On the bright side, anyone with nefarious purposes would have to
spend an awful lot of time wading through useless crap like rate
sheets and condition logs.
I write printer driver user guides for a living. Anything on the
hard drive can be deleted.
A. Be sure you install the driver that came on the CD with the
printer. That will give you more control of the printer memory than
the minimal driver that is in Windows Plug n Play.
B. Look at the job storage sections of the driver help or user
guide. Learn how to use the disk and to control what is saved on
the disk. It's not hard. We write the manuals to a 6th grade level,
so I'm sure y'all can handle it. You can probably set your defaults
to "never save jobs on the hard drive."
Also, I don't think they save things that are just copied. The printer/fax/scanners I work on only save things that are scanned or that are sent to the hard drive by the printer driver. Print jobs are only saved on the printer hard drive if you changed the printer driver settings to make that happen.
This is news how?
Oh, and Stephen Crane, you bet your bippy. When you make copies on
office equipment, assume nothing is secret.
In the age of email and tivo (which also contains a hard drive
*gasp*)-- when there are other people smarter than you on the
network (a.k.a. Network Engineers) assume that your mail is being
read, your copies being copied, your packets being sniffed, your
instant messenger traffic being read. You want 100% confidentiality
in your photo copies, buy your own desktop copier, put it in your
living room don't hook it up to a network and have at it.
Ah, so that's why the copiers at the USAF base where I do
reserve duty have those huge "Not for classified reproduction!"
signs on them.
Actually, yes and no. Way back in the olden days before large
hard-drives and computers, they had those same signs on copiers.
That's because in the days of the cold war, copiers that were not
in secure locations could be...compromised-- a small camera with an
electronic shutter could be placed underneath the glass and hooked
to the 'start' button. The camera would take a physical photo of
every document photocopied. It was a much cruder way of spying, but
that was the idea.
So only copiers approved and in secure locations were deemed
appropriate for use with classified documents.

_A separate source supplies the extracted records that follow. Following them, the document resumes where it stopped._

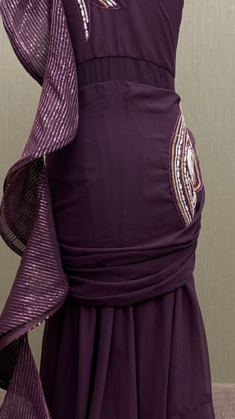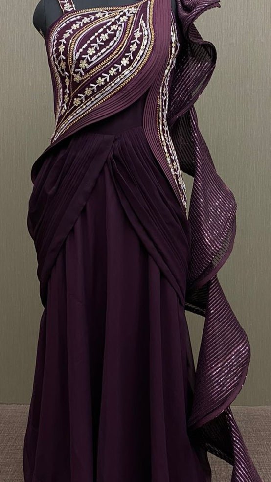Boutique Style Designer Sequence Work Ruffle Saree With Western Gown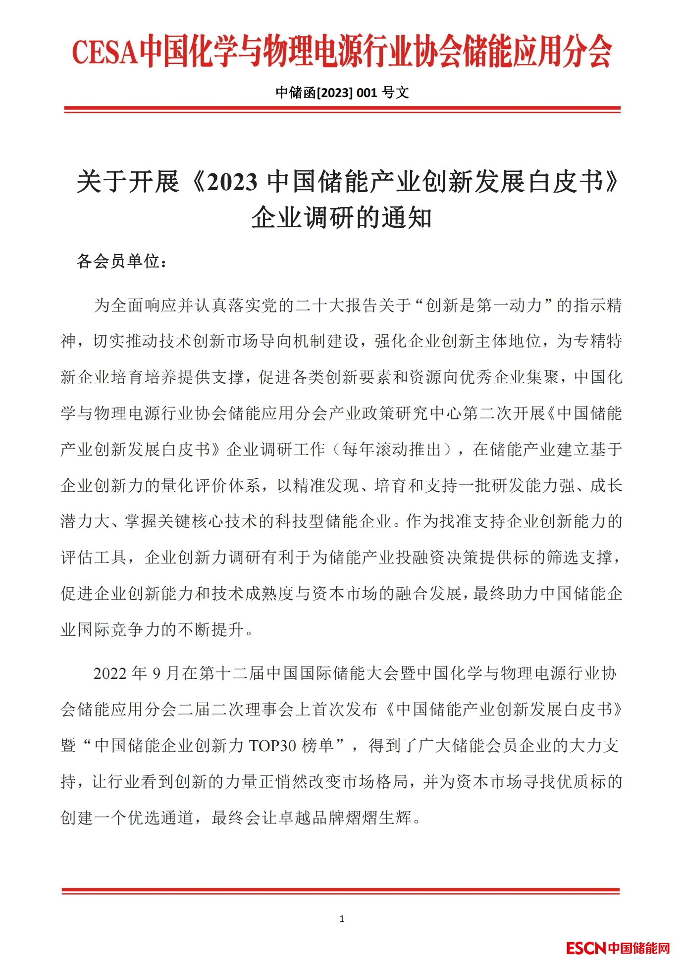 為全面響應(yīng)并認(rèn)真落實(shí)黨的二十大報(bào)告關(guān)于“創(chuàng)新是第一動(dòng)力”的指示精神,切實(shí)推動(dòng)技術(shù)創(chuàng)新市場(chǎng)導(dǎo)向機(jī)制建設(shè),強(qiáng)化企業(yè)創(chuàng)新主體地位,為專精特新企業(yè)培育培養(yǎng)提供支撐,促進(jìn)各類創(chuàng)新要素和資源向優(yōu)秀企業(yè)集聚,中國(guó)化學(xué)與物理電源行業(yè)協(xié)會(huì)儲(chǔ)能應(yīng)用分會(huì)產(chǎn)業(yè)政策研究中心第二次開(kāi)展《中國(guó)儲(chǔ)能產(chǎn)業(yè)創(chuàng)新發(fā)展白皮書(shū)》企業(yè)調(diào)研工作(每年滾動(dòng)推出),在儲(chǔ)能產(chǎn)業(yè)建立基于企業(yè)創(chuàng)新力的量化評(píng)價(jià)體系,以精準(zhǔn)發(fā)現(xiàn)、培育和支持一批研發(fā)能力強(qiáng)、成長(zhǎng)潛力大、掌握關(guān)鍵核心技術(shù)的科技型儲(chǔ)能企業(yè)。作為找準(zhǔn)支持企業(yè)創(chuàng)新能力的評(píng)估工具,企業(yè)創(chuàng)新力調(diào)研有利于為儲(chǔ)能產(chǎn)業(yè)投融資決策提供標(biāo)的篩選支撐,促進(jìn)企業(yè)創(chuàng)新能力和技術(shù)成熟度與資本市場(chǎng)的融合發(fā)展,最終助力中國(guó)儲(chǔ)能企業(yè)國(guó)際競(jìng)爭(zhēng)力的不斷提升。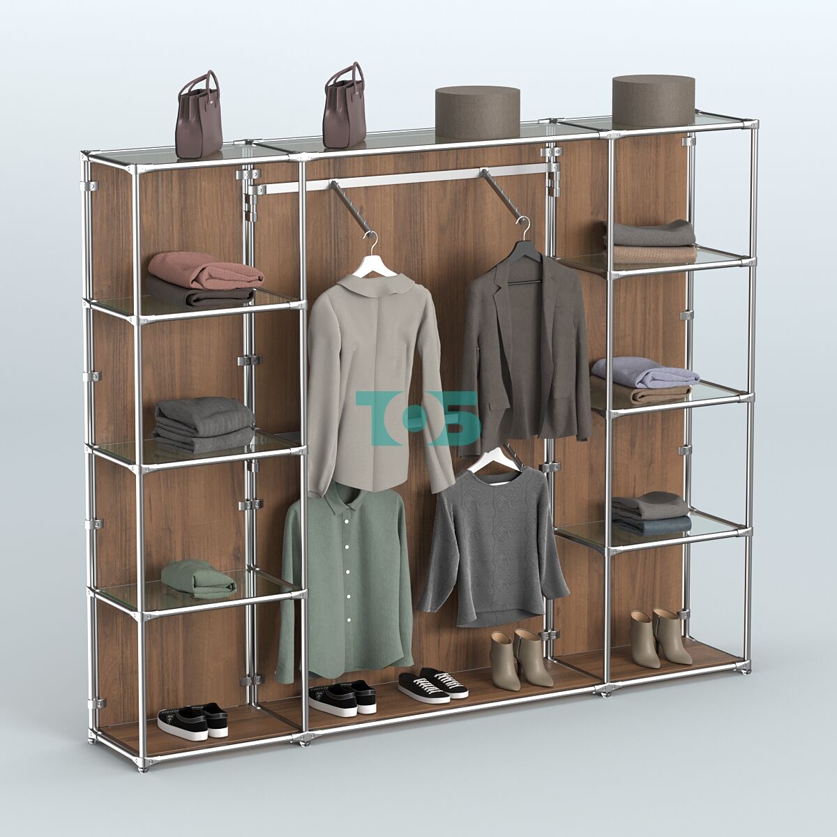Отличия модели торговой системы ХРОМ (задняя стенка - ДСП) 2430 мм с прозрачными полками и поручнями №7: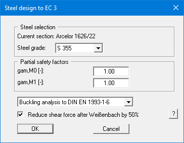If the steel design has not already been requested in the analysis boxes, you will see a query on the steel design after the analysis is complete. In some of the load cases, you can carry out the design for the selected section or have the program search for the optimum section. You will see the dialog boxes that can also be accessed via the "System/Design defaults" menu item.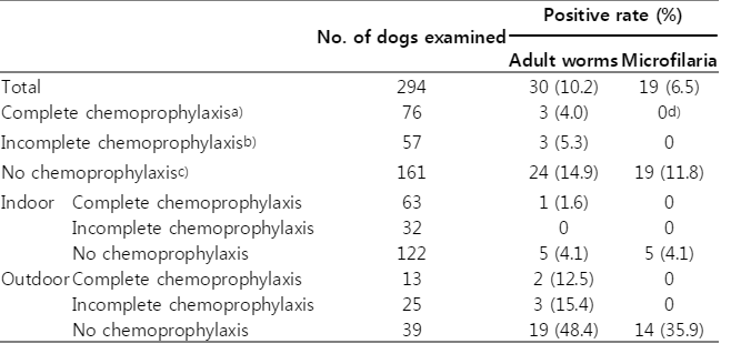 Table 3). The infection rates were much higher in the non-chemoprophylaxis group (14.9%) than in complete (4.0%) and incomplete chemoprophylaxis groups (5.3%). In the case of indoor dogs, no microfilariae were detected in complete and incomplete chemoprophylaxis groups, and only 1 dog (1.6%) was infected with adult worms in the complete chemoprophylaxis group, which contained 63 dogs. Neither adult worms nor microfilariae were detected in the incomplete chemoprophylaxis group. However, the prevalence of adult worms and microfilariae were 4.1% and 4.1%, respectively, in the non-chemoprophylaxis group. The prevalence in outdoor dogs was not significantly different from that of indoor dogs. We detected only adult worms in complete (12.5%) and incomplete chemoprophylaxis groups (15.4%); however, in non-chemoprophylaxis group, the adult worm positive rate was 48.4% and the microfilarial positive rate was 35.9%.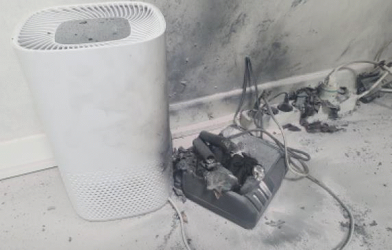충전 과정에서 4차례 ‘펑’ 하는 소리와 함께 폭발과 화염이 발생했으나, 주택용 소방시설(소화기)을 활용한 초기 진화가 가능해 인명피해는 발생하지 않았다.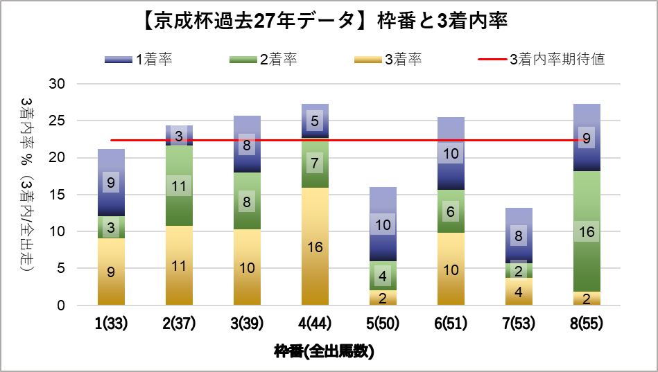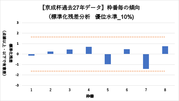 7枠に凡走傾向が見られたが、統計的な有意差は認められなかった。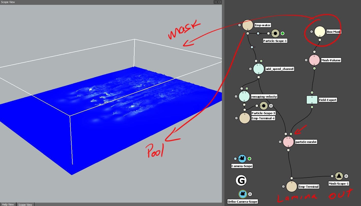 Te refieres el océano con la forma de Realwave no? Es que, agua puede significar muchas cosas, mejor decir el océano. Si te refieres eso, pues es con el nodo Not-Deform, es muy similar al de RealFlow con displacement grid o algo así, es que yo no tengo RealFlow para decirte exacto, deje de usar RealFlow hace tiempo, la lámina qué dices se corta como máscara en el mismo progreso de mesh-particle, en mi caso pongo un cubo en mask y solo simula lo que está dentro del cubo o fuera si lo pones. (te adjunto screen).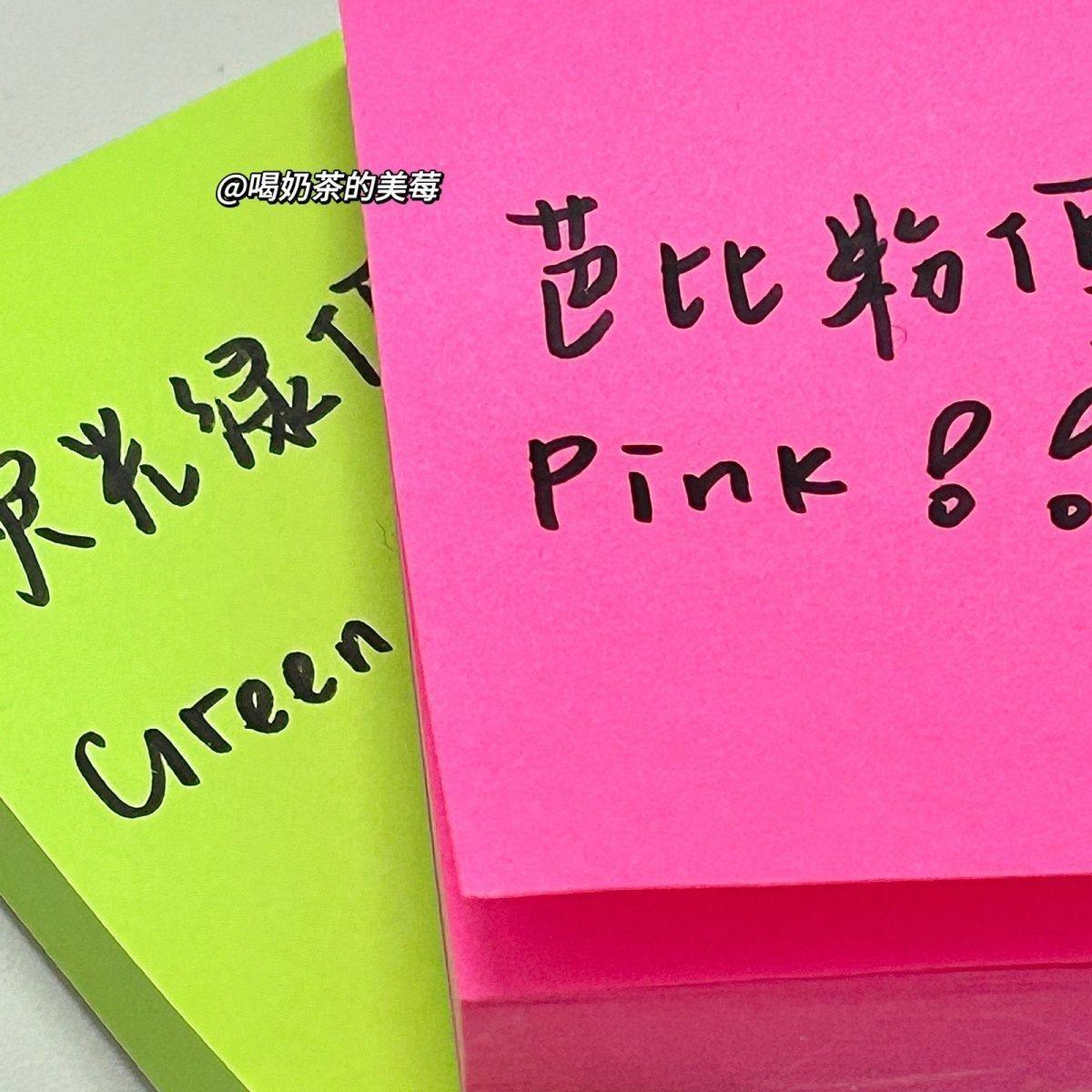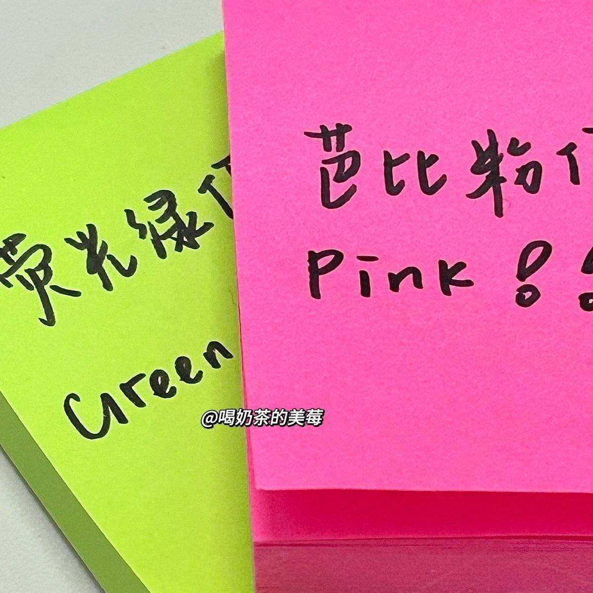 小红书同款荧光绿便签本50张芭比粉便利贴有粘性学生N次贴索引贴

Just like if enough voters find that the war on drugs is a
serious enough problem then the government will end it.
The difference is, that if 20% of copier buyers want a memoryless
copier, such copiers can be made available without forcing everyone
else to buy one.
If 20% of voters want to end the (federal) drug war, they're SOL.
Unfortunately, everyone has to have the same government.
Paul- Actually, I always assumed it was something like that. When I noticed those signs, my first thought was, "What the hell would classified documents be doing in this area anyway?" Where I am, anything more serious than FOUO is kept in a secure area, and moved from that area only under very specific circumstances. If I saw anyone actually carrying classified docs outside those areas, I'd want to know why.